By now, you’ve probably heard plenty of fitness experts talk about the benefits of cranking up the intensity of your workouts… less time spent working out, more fat burned, boosts metabolism, revs up heart and lung power, etc. But that’s where many of these so-called interval workouts miss the boat.
Here’s a simple example (and one that you’ve probably read out there somewhere):
“Sprint for one minute. Jog for 2 minutes. Sprint again and repeat the cycle 10 or more times.”
What’s wrong with this picture?
First of all, you can’t “sprint” for 1 minute. World class long sprinters and middle distance runners can come close, but even they are entering differently energy systems after around 30 or 40 seconds.

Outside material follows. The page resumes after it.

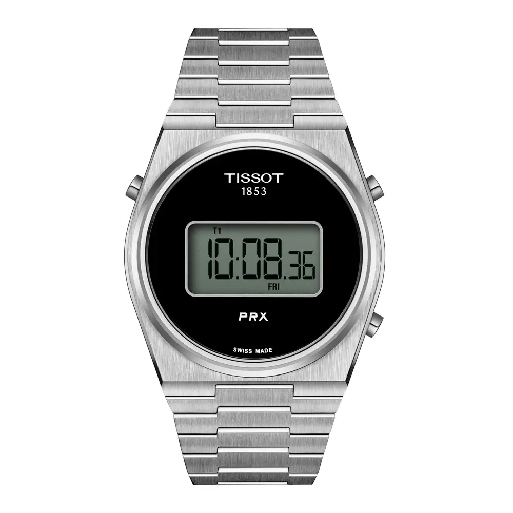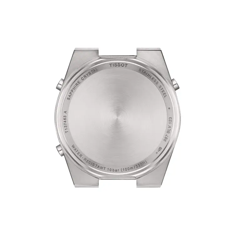 Die Tissot PRX Digital T137.463.11.050.00 ist eine moderne Neuinterpretation des ikonischen Designs von 1978, die Retro-Ästhetik mit zeitgemäßer digitaler Technologie verbindet. Das 40 mm Edelstahlgehäuse verleiht der Uhr einen robusten, aber eleganten Charakter, während das schwarze LCD-Display durch Saphirglas mit Antireflexbeschichtung geschützt wird und hervorragende Ablesbarkeit sowie Kratzfestigkeit bietet.

For the rest of us, a sprint should never go over 30 seconds – and for most of us (in “normal person condition”) sprints of 10 or even 5 seconds are plenty to reap the rewards of high intensity intervals.
Secondly, the recovery times are two short. Tell me this: Even if you COULD actually sprint (really go pedal to the floor, all out effort) for 1 minute, would you be fully recovered after 2 minutes of lower intensity? How fast would your second 1 minute sprint be? As fast as the first one? How fast would you be going by number 8 or 9 or 10? See my point? You would get progressively slower – and each sprint would be progressively lower in intensity.
Longer recoveries allow you to truly sprint “full out” for each of your fast intervals. Doing this can let you train at the higher intensity for a longer total period of time (when compared to trying to go hard straight through or with minimum recovery). You’ll spend more actual time training at the high intensity.
And remember, it’s the intensity that’s most important here, not the volume. Going full effort with longer recovery periods between sprints can give you maximum results. Unfortunately, I think people are too caught up in the “more is better” volume belief. They are either too conditioned into a mileage mentality or just think that sprinting for only a few seconds (and recovering) can’t possibly do you any good.
They’ve turned interval training into just another long, boring form of cardio – only they’ve made it impossible for most people to do it successfully – and therefore easy for them to quit because it’s “too hard”. If you can’t complete a workout – or even a tenth of it, what’s the sense in beating your head against a brick wall and continuing? This can happen as quickly as the first time you try to “sprint” for one minute. The workout sets you up for failure.
To achieve your goals, I strongly suggest you break out of that mindset. Because true high intensity interval training can bring you to the fitness level you’ve been looking for.
I’ll even take it a step further and add my favorite training method -hill sprints – into the mix. Using them, not only will your sprints be high intensity – they’ll be even higher intensity from the incline you sprint on (and you won’t even have to think about it – sprinting up hill is naturally more intense than going on flat ground). Plus, you can spend less time on each sprint – and on your total workout – since the intensity is kicked up that extra notch. Not to mention the safety benefits for your hamstrings, knees and back.
Hey, truth is, anyone can benefit from adding high intensity to their training. But, to be successful, you’ve got to do it right. Avoid the watered-down, cardio-in-disguise interval workouts. Replace them with what works: high intensity, low volume and long recovery techniques.